Horejsi is keenly aware of the diversity in Salt Lake City, and her programming includes a spectrum of artists and audiences. When Obie-winning performance artist and provocateur Taylor Mac appeared last season, Horejsi recalls, "People I had never met before were hugging me in the lobby and there was a literal avalanche of emails, texts and Facebook posts. Many said, 'We can't believe this artist was on stage at Kingsbury Hall because this part of our community hasn't traditionally been on that historic stage."

Horejsi's vision is supported by a budget that comes from varied sources. "As a mission-driven presenter, focused on the positive impact of creativity in a community, the performances themselves are a revenue negative endeavor," she explains.

The operating budget of UtahPresents is "a hair over $2 million," with income from private philanthropy, government grants, ticket revenue and the university, as well as a $16 per student annual fee. This fee enables students to see all of its offerings for $5 a show, and Horejsi believes that by requiring a small sum for UtahPresents' events, they are reinforcing the importance of the arts. "When we make all arts events free, it may send a message that they have no value," she says. "It trains generations of people to question the significance of art and artists."

Other scheduled performances this season blur borders between artistic creation, education and activism. Ananya Dance Theatre (ADT), a Twin Cities-based, contemporary Indian-American dance company dedicated to social justice, comes to Salt Lake City for the first time on Oct. 28 with their performance Shyamali: Sprouting Words.

Dr. Ananya Chatterjea, director of the company, was inspired in part by the work of author and activist Vandana Shiva, one of the founders of Navdanya, an India-based program that promotes biodiversity. On Oct. 20, Shiva is set to deliver a public lecture at Libby Gardner Hall, the first-ever collaboration between UtahPresents and the University of Utah's Sustainability Office. During the week before the performance, Ananya Dance Theatre will be in residence at the university to work with students from environmental and sustainability studies and the School of Dance.

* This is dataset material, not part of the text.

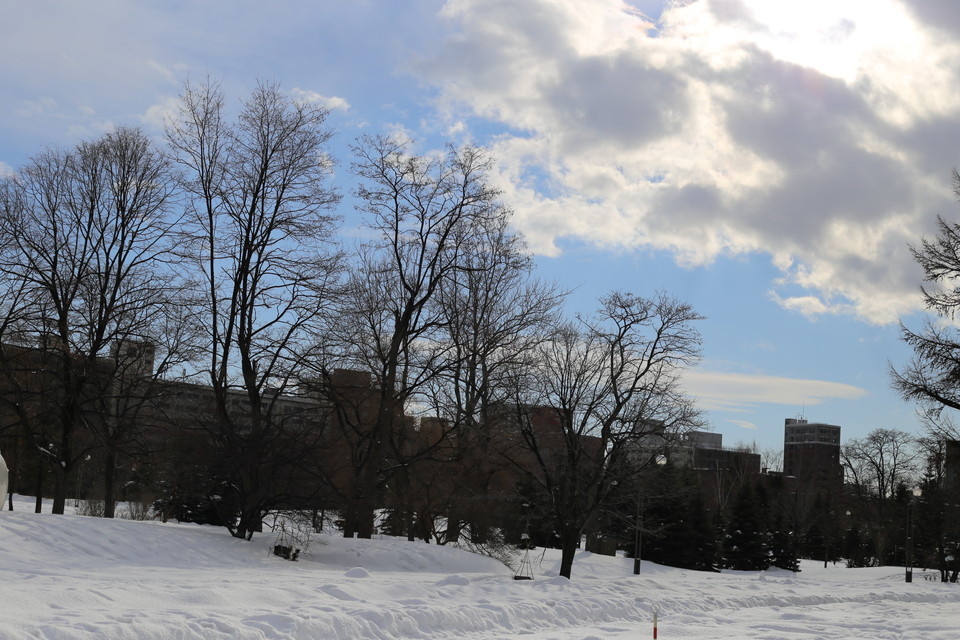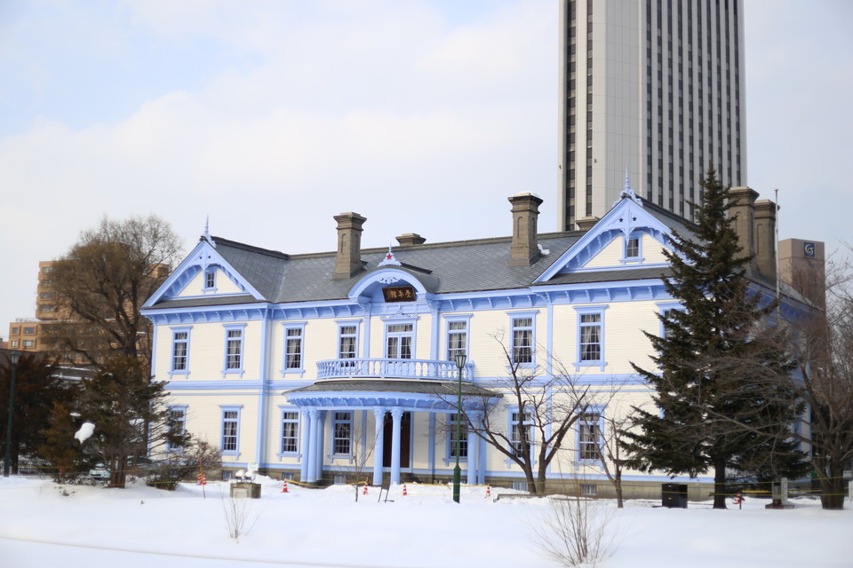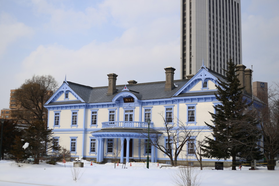 まずこちら。札幌市中央区中島公園にある豊平館です。絞りは開放のf=1.8、ISO100、そこそこの好天で被写体が白いためシャッタースピードは1/4000秒でも露出オーバー気味です。この設定でレンズ光学補正をオフにしています。四隅がやや暗くなっているのがわかるでしょう。
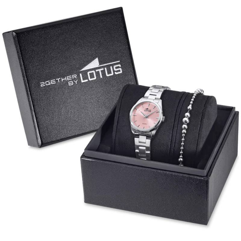 La montre présentée ici est une création de la célèbre marque Lotus, un nom synonyme d'élégance et de performance dans le monde de l'horlogerie. Conçue pour les femmes, cette montre se distingue par un boîtier rond en acier inoxydable, offrant une impression de solidité et de raffinement. Avec un diamètre de 26,00 mm et une épaisseur de 7,15 mm, elle s'adapte parfaitement à un poignet féminin, alliant confort et style. Le poids du boîtier, de 50,00 g, garantit un port agréable, idéal pour un usage quotidien sans alourdir le poignet. La finition polie/brillante de l'acier lui confère une brillance délicate qui capte la lumière sous tous les angles. De plus, un bracelet en acier vous est offert avec la montre pour s'assortir avec cette dernière sur votre poignet.

Chatterjea looks forward to bringing her company to the campus where she has been a guest artist. "I hope that the majestic mountains of Utah inspire us to connect individual and ecological differences and resonances."

Liz Ivkovich—research, communication and education coordinator of the Sustainability Office—organized this collaboration and says she's grateful for Horejsi's enthusiasm. "She's such a 'yes' person. She said, 'Let's make it happen,'" Ivkovich says.

It's just another example of UtahPresents' effective mission: "Exploring and enriching the human experience." Or, as Horejsi says, highlighting the "positive impact of creativity in a community."